American actor (born 1993)

Tyler Davis Barnhardt (born January 13, 1993) is an American actor. He is known for his roles as Matthew Roe in the American period drama television series Underground and Charlie St. George in the American teen drama streaming television series 13 Reasons Why. Barnhardt had a supporting role in the 2022 American comedy film Senior Year.
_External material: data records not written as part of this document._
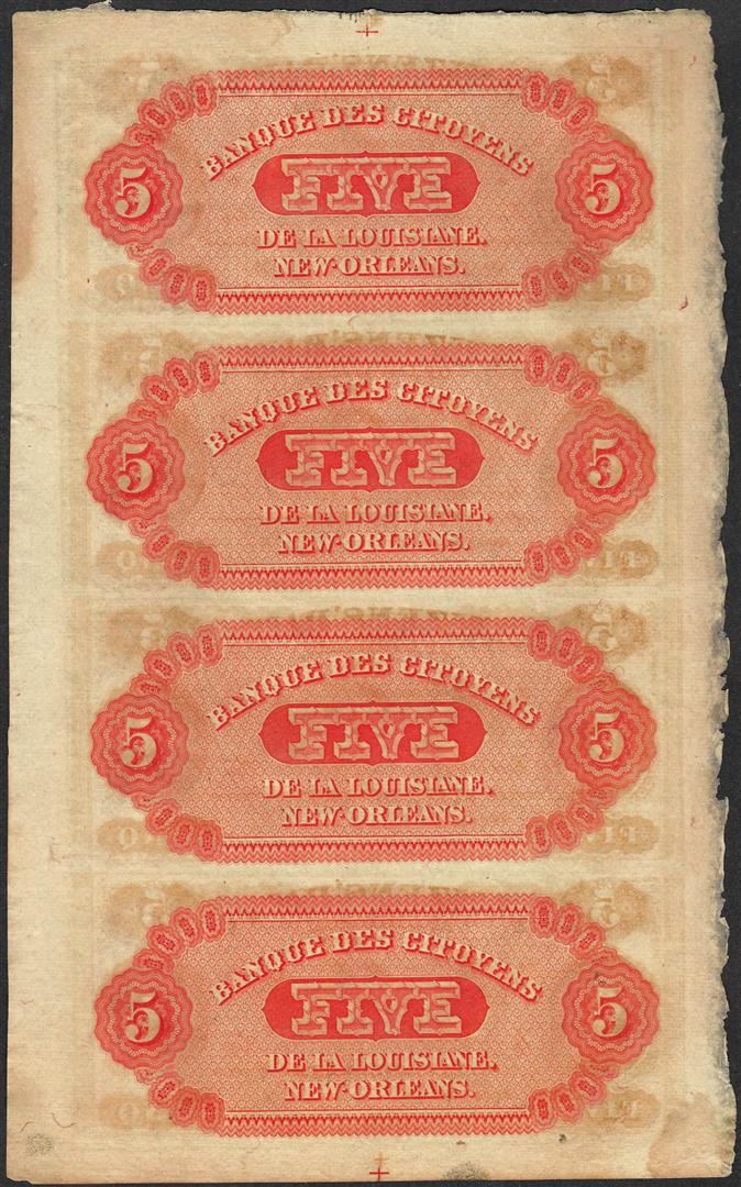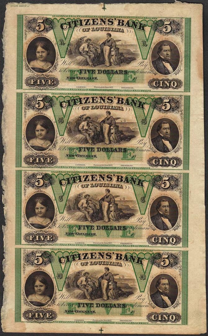 One Uncut Sheet of 1800's $5 Citizens Bank of Louisiana Obsolete Notes.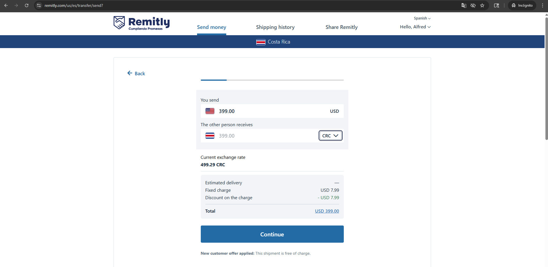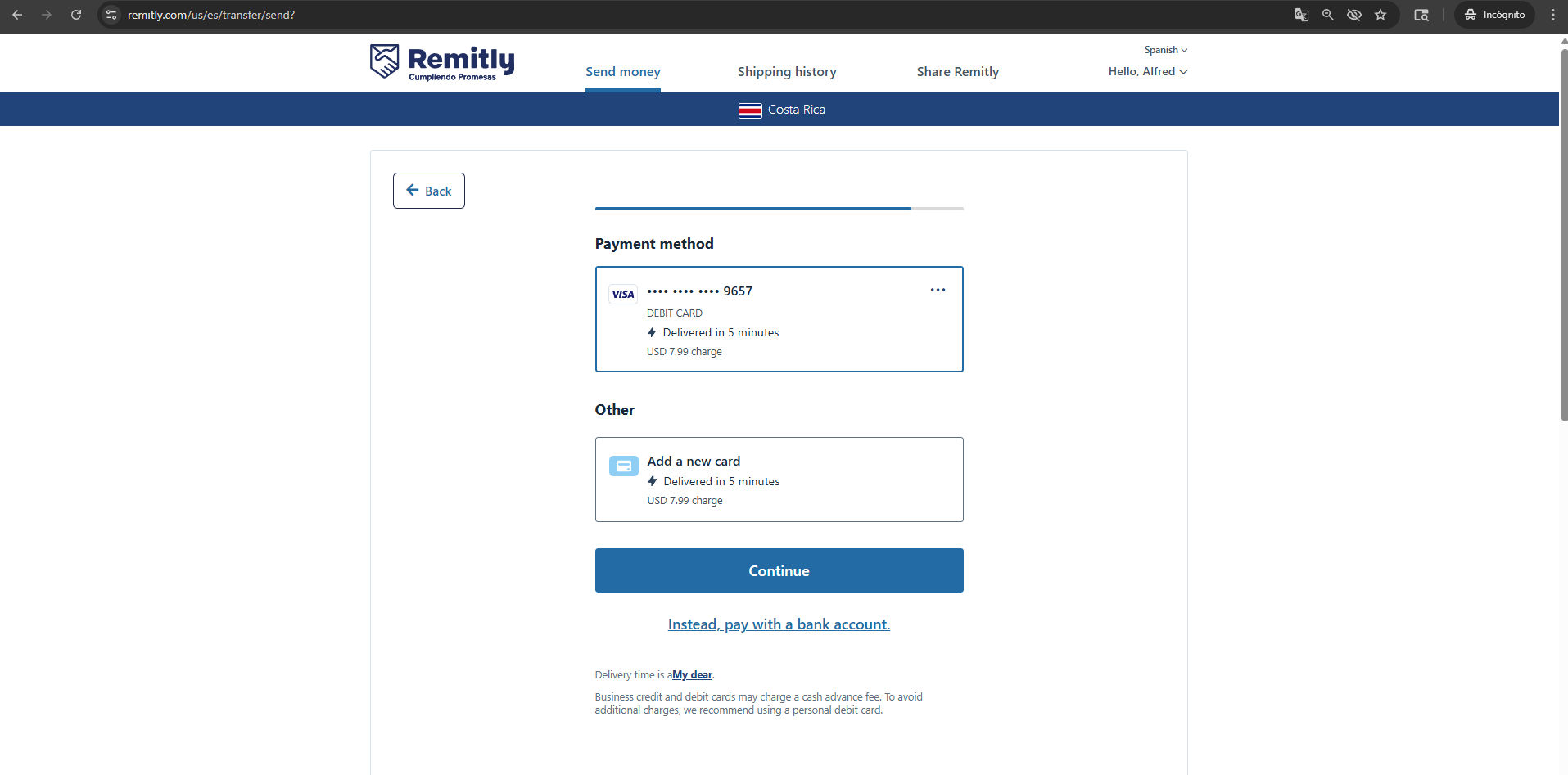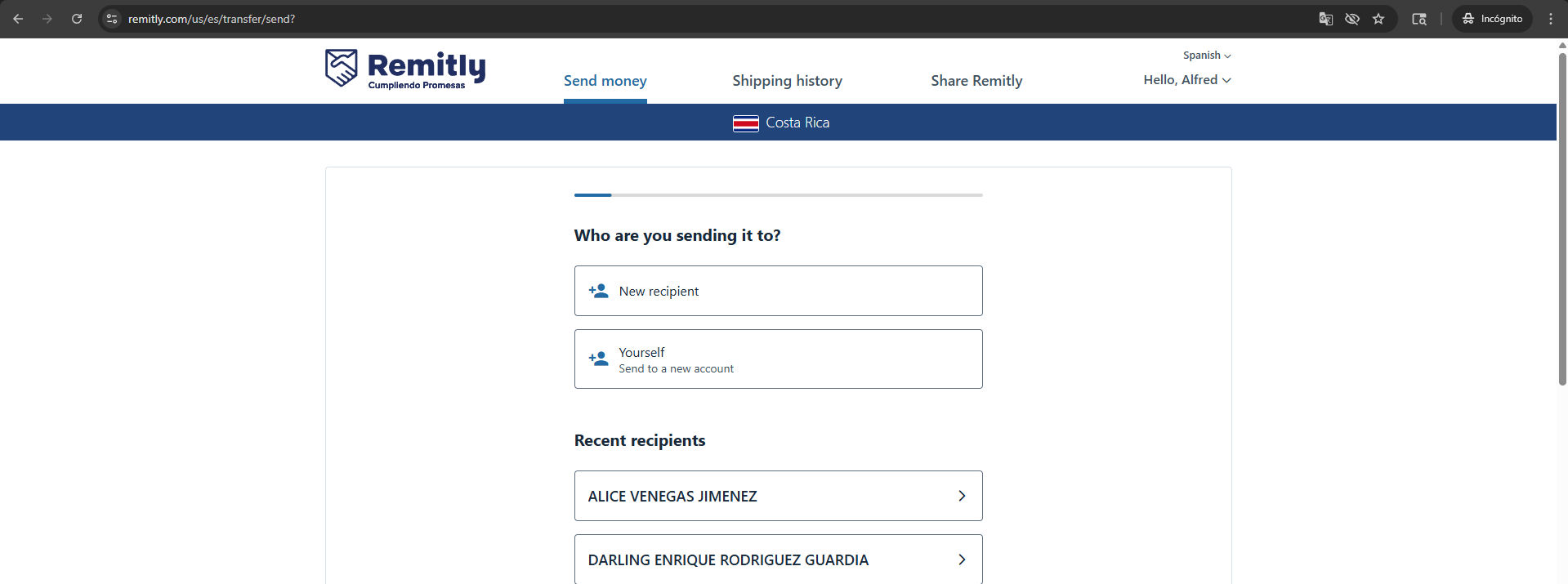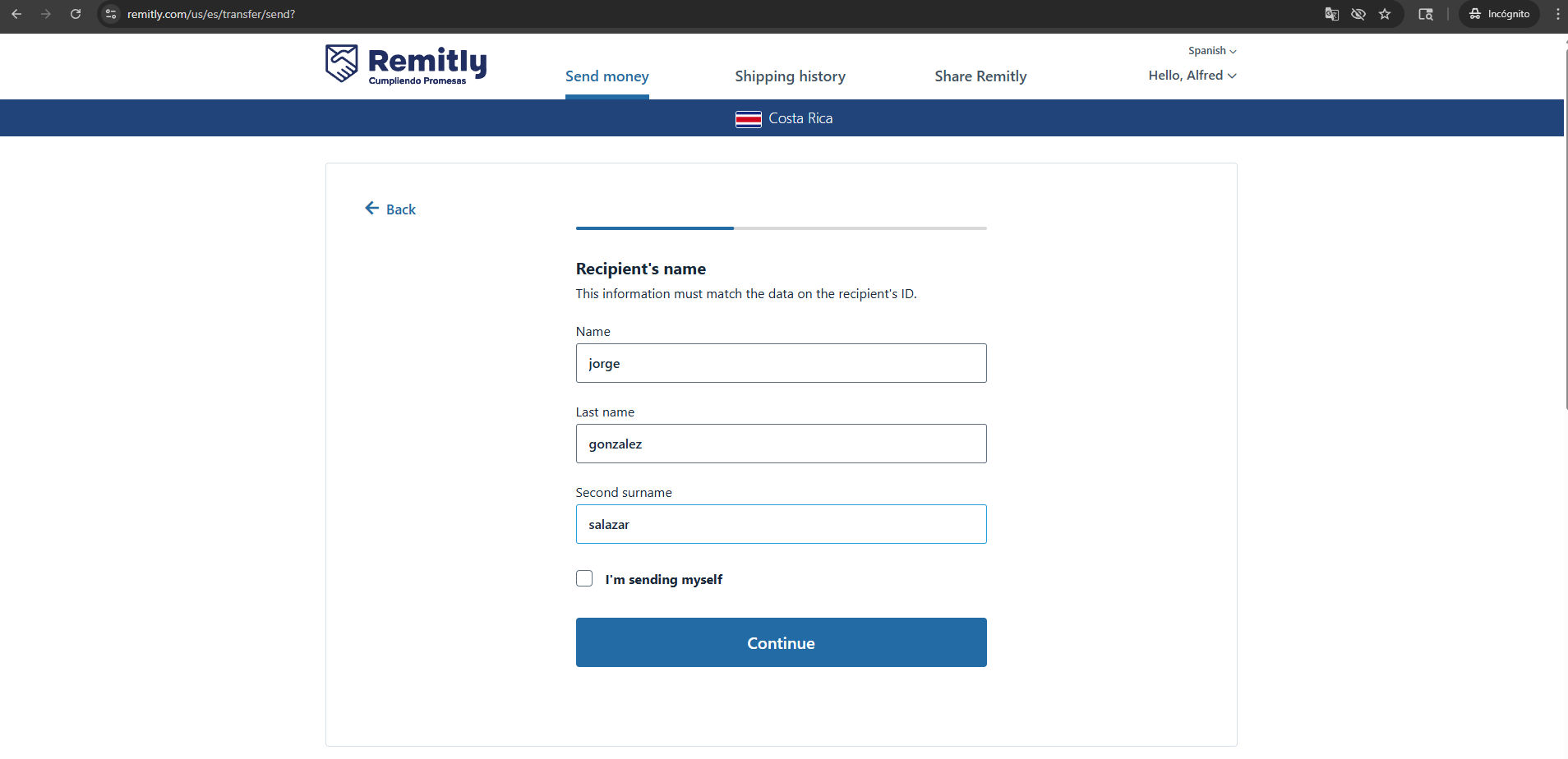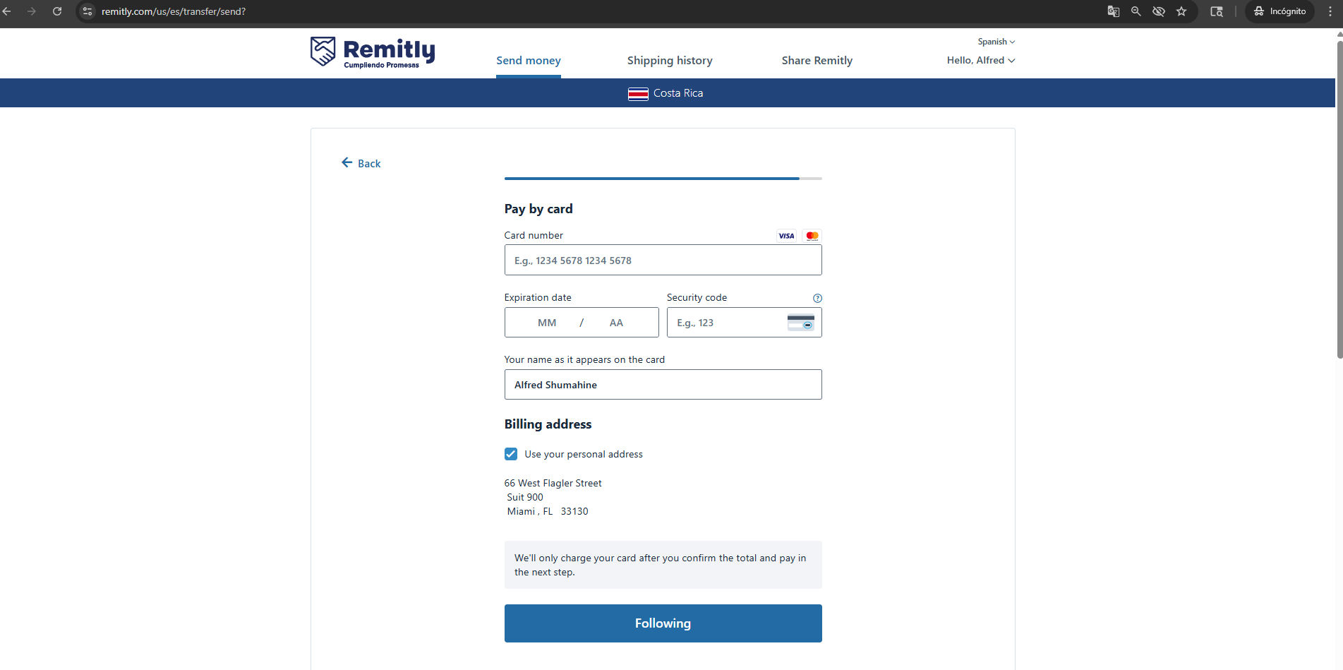 The Cashier will provide you with a unique Receiver Name in Costa Rica for that service.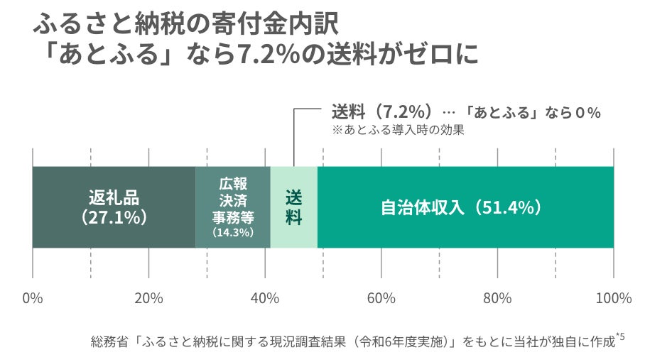 さらに、「あとふる」では返礼品の送付そのものが不要となるため、従来の制度で寄付額のうち平均7.2% *5 が送料に充てられていたコストが発生せず、自治体に残る寄付金の割合が高まる効果も見込まれます。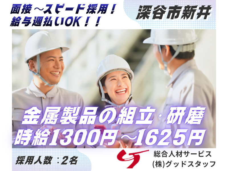仕事内容 △▼△▼△▼△▼△▼△▼△▼△▼△▼△▼ \未経験OK/ “つくる”を支える金属加工ワーク。 研磨から組立まで、着実にスキルが身につく仕事。 埼玉県深谷市新井にある製造工場にて、 金属製品の研磨・組立を行うスタッフを募集。 扱うのは、生活や産業のさまざまな場面で 使われる金属パーツ。製造の一端を担うやりがい、 手順を覚えるごとに上達していく楽しさを味わえる仕事です。 「工場は初めて…」という方でも、 1つずつ丁寧に覚えていけるよう、 現場全体でフォローします。 △▼△▼△▼△▼△▼△▼△▼△▼△▼△▼ ■お仕事内容 金属製品の仕上げ加工から組立まで、複数の工程を担当していただきます。 どれも難しすぎる作業はなく、未経験の方も取り組みやすい内容です。 ✅電解研磨(機械操作) 専用の機械に金属製品をセットし、表面をきれいに仕上げます。 電気の力を使った研磨で、表面をなめらかにする、 余分な部分を除去するといった作業を行います。 機械が自動で研磨するため、 セット→ボタン操作→完了品の取り出しの シンプル工程です。 ✅コーキング作業・清掃 研磨後の金属製品に、必要に応じてコーキング材 を流し込み、仕上がりを整えます。 その後、製品に付着した汚れを除去し、きれいな状態へ。 細かい作業ですが、慣れるほど効率が上がり、 「きれいに仕上げられた!」と実感できる工程です。 ✅ネジ締めによる組立 電動工具を使って、金属部品を組み付けていきます。 ネジ締め作業が中心で、手順書に沿って進めるため安心です。 製品が形になっていくのを見るのは、 組立作業ならではの達成感があります。 ■ この仕事の魅力 ◎ 未経験でも始めやすいシンプル工程 機械操作・研磨・組立と聞くと難しく感じるかもしれませんが、 実際には“マニュアル通りに進めればOK”の作業ばかりです。 ◎ モノづくりのスキルが自然と身につく 電動工具の使い方 金属の扱い方 加工や仕上げの基礎知識 これは実務でしか学べない貴重な経験です。 ◎ コツコツ集中して進めるのが好きな方に向いています 目の前の作業に丁寧に取り組む方が活躍中。 静かに集中して働ける、落ち着いた工場です。

== Early life and education ==
Barnhardt was born in Raleigh, North Carolina, and was raised in Matthews, a suburb of Charlotte. He graduated from David W. Butler High School in 2011. Barnhardt earned a bachelor of fine arts degree in theater from the University of North Carolina at Greensboro's School of Music, Theatre and Dance in 2015.

== Career ==
In 2016 Barnhardt appeared on an episode of Turn: Washington's Spies. In 2017 Barnhardt was cast as Matthew Roe in the second season of the television series Underground and had a small role on the show Scorpion. In 2019 he was cast as Charlie St. George on the American streaming television series 13 Reasons Why, making his debut in the third season. Later in 2019 he was cast as a main character in the television drama series Tales from the Loop.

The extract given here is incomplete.